System.out.println(“\nTotal sales: ” + sum);

}

}

 

 

 

 

 

 

 

 

 

 

 

 

 

 

 

 

 

 

 

 

IV. User and Item Average Ratings (20 pts: 10pts for problem analysis & 10 pts for Java code)

 

An online store shows a collection of products that the users can purchase. Each product (or item) has a unique ID. Similarly, each user has a unique ID. Users are allowed to rate items by giving them a value between 1 and 5, with 1 representing the worst rating and five representing the best rating.

You are given a file that contains the ratings that different users gave for various items. Each line in this file holds three values, namely, the user ID, the item ID and the rating value. For example, this line:

173 215 3

Shows that the user with ID 173 has rated the item with ID 215, and she gave that item a rating of 3. You can assume that the user IDs run in sequence starting at 0, and the same applies to the item IDs.

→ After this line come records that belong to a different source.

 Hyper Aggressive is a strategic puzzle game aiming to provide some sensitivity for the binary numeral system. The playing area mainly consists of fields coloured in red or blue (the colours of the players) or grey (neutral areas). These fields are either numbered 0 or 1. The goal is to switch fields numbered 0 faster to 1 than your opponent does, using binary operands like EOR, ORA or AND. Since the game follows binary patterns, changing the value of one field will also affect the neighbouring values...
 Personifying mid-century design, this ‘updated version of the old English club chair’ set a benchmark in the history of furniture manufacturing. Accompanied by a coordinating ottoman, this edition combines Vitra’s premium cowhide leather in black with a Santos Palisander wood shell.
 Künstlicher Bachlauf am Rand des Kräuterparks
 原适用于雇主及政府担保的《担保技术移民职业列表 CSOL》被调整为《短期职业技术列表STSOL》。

You are required to write a Java program to read in all the user-item ratings, compute the average rating per item, and the average rating per user, and print the average rating for each user and for each item.

Start by analyzing your problem. Your problem analysis should clearly state:

1. The input to your program

2. The output of your program

3. The different modules of your program To define your modules, think about how to divide your problem into sub-problems that each of them needs to be solved.

4. The algorithm for each module, and for the whole program. The algorithm for the program should simply list the sequence in which the various modules will be invoked.

 

You will find the user-item-ratings file in the assignment folder on BlackBoard. You will also find the code for reading a file, which was discussed in class, on BlackBoard.

 

 

 

 

 

Deliverables

1. Complete all the programming activities in sections II thru IV in this lab; then zip all your Java SOURCE CODE FILES for submission.

 

2. Write a lab report in Word or PDF document. The report should be named lab2.docx or lab2.pdf and must contain the following:

 

a. The first page should be a cover page that includes the Class Number, Lab Activity Number, Date, and Instructor’s name.

 

b. Answer of all the questions in section I: Prelab Exercises. No code file is required here. All the code involved, if any, must be copied and pasted in this report.

 

c. Provide a 1-paragraph conclusion about your experience; how long you spent completing the lab, the challenges you faced, and what you learned.

 

3. Upload your lab report and the zip file of your source code to Blackboard. DO NOT SUBMIT separate source files. If you do, they will be ignored.